▶ _Records for the task_:

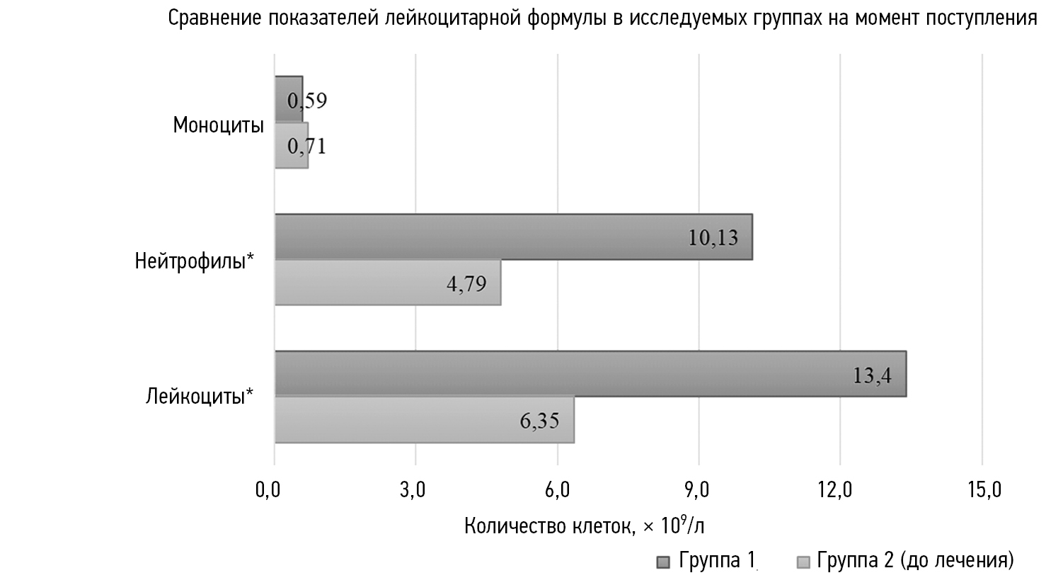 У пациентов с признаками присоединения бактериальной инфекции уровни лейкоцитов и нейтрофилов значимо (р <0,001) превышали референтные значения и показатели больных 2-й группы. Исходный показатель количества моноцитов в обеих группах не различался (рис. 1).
==
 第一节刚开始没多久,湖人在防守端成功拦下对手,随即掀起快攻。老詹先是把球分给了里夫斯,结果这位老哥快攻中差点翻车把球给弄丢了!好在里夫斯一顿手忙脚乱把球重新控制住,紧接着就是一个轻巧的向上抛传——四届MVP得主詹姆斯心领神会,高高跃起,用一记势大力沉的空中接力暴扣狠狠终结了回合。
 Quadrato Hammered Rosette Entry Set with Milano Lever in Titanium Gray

▶ _What this task involves_: Word for word, restate the lines above from the line containing "第一节刚开始没多久,湖人在防" through the line containing "Quadrato Hammered Rosette", with both included and nothing else.

▶ _Finished exercise_:
 第一节刚开始没多久,湖人在防守端成功拦下对手,随即掀起快攻。老詹先是把球分给了里夫斯,结果这位老哥快攻中差点翻车把球给弄丢了!好在里夫斯一顿手忙脚乱把球重新控制住,紧接着就是一个轻巧的向上抛传——四届MVP得主詹姆斯心领神会,高高跃起,用一记势大力沉的空中接力暴扣狠狠终结了回合。
 Quadrato Hammered Rosette Entry Set with Milano Lever in Titanium Gray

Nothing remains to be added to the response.